研修中は全員が笑顔を心がけ、スマイルバッジ(写真)をつけたチームの代表「スマイルリーダー」が、みんなの笑顔をチェックする。こうした研修の雰囲気づくりのために、「できない」「ムリ」といったネガティブな表現にはみんなでイエローカードを提示。「こうすればできる」など、ポジティブ思考の発言はグリーンカードでほめ合う。これらは、同社で行われるほとんど全ての研修に組み込まれている。その狙いは、組織全体の共通言語をつくること。今では、スマイルバッジを誇らしげに社員証のストラップにつけて歩く社員も多い。それだけではない。4年目研修の成果発表は、300人が入るホールで行い、全社巻き込み型のイベントに発展させた。課長研修では、実務で使える「課長業務虎の巻」を受講者自身につくってもらい、業務の効率化に貢献(本誌2012年11月号特集「管理職が元気な会社」を参照)。大小さまざまな工夫で組織に影響を与えている。それが可能なのも、研修が「楽しい」と評判だからである。とにかく三尾氏は、楽しさを大事にする。理由は明確。そのほうが、みんながやる気になり、よく学ぶからだ。「研修は、組織を変える」と言う三尾氏の研修のつくり方を紹介する。
●背景内製化するしかない
同社が内製化に大きく舵を切ったのは、三尾氏が総務人事部に異動した、2008年4月以降。その時点で、すでに2008年度の研修計画は確定済みだった。唯一、三尾氏に企画を任されたのが入社4年目社員を対象とする「4年目研修(当時。現・ネクストリーダー研修)」である。当初、4年目前後に離職率が上がる傾向があり、それを防ぐことが研修の目的だった。ところが、前年度のアンケートに目を通すと、90%は当たり前に超えるべき満足度が71%と、やや低い。また、アンケートの中にクレームのような意見(場所が遠い、目的がわからないなど)も散見された。研修をオブザーブしていても、受講生が仕事を引きずって研修に参加しているように見え、議論が盛り上がるまで時間がかかることなどが気になった。

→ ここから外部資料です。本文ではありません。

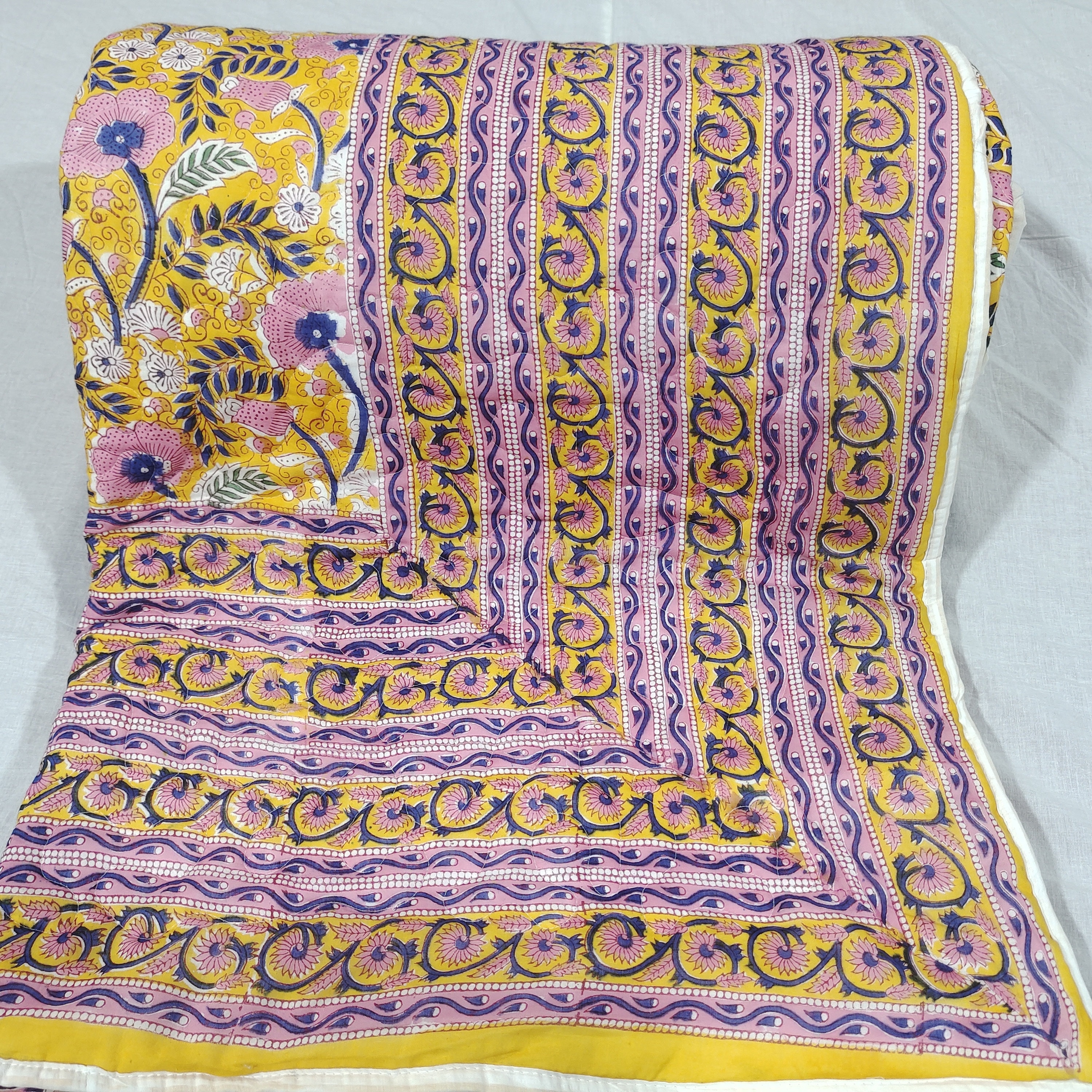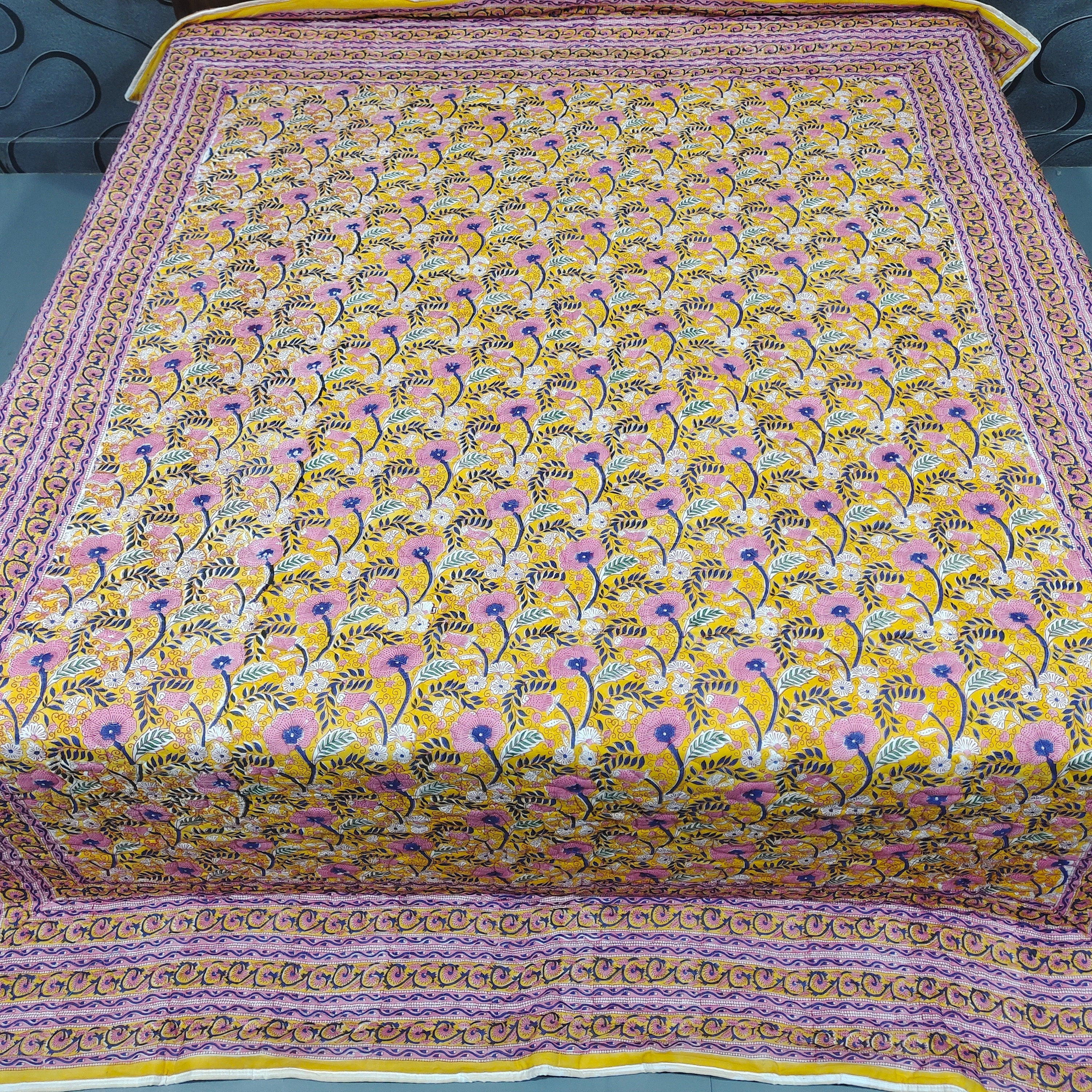 Hand Block Print Cotton Quilt: Reversible Floral Kantha Throw

実際、前年度の受講者10名ほどにヒアリングに行くと、研修の記憶はおぼろげ。「同期に久しぶりに会えてよかった」といった感想はあるものの、学習した内容は残っていない。そこで、研修のコンセプト(=方針)から見直すべく調査を開始した。調査方法としては、他社状況を調べると同時に、NTTグループ数社の4年目社員にヒアリングやアンケートを実施。社内では、4年目の上司に当たる人たちにヒアリング。「仕事ではテクニカルに寄ってしまうのでヒューマンスキルをやってほしい」「ベンダーの研修は事業部でもできるので、全社ならではのものを期待する」「視野を広げてほしい」といったニーズを把握した。研修受講予定の4年目社員たちにも希望を聞き、「日々の業務で身につかないことをやりたい」「事業部のことしか知らないので、他の組織のことを知りたい」といった要望を吸い上げた。こうした丹念な調査から、コンセプトを「将来リーダーとして業務を担うための出発点としての基礎固めの場」と決定。コンセプトに合わせて研修の名前も「ネクストリーダー研修」と命名した。
問題は、それをどう実現していくかだ。コンセプトを形にしていくことも大事だが、アンケートに寄せられた不満を解消し、積極的に取り組んでもらうためには、「研修に来るのが楽しみ」という状況を前もってつくり出さなければならない。そのためには、ベンダー任せではなく、事前の上司・本人へのフォローから、会場選びまで、もっときめ細かい配慮が必要になる。そこで、ベンダー主導ではなく、運営を自分たちで行うことにした。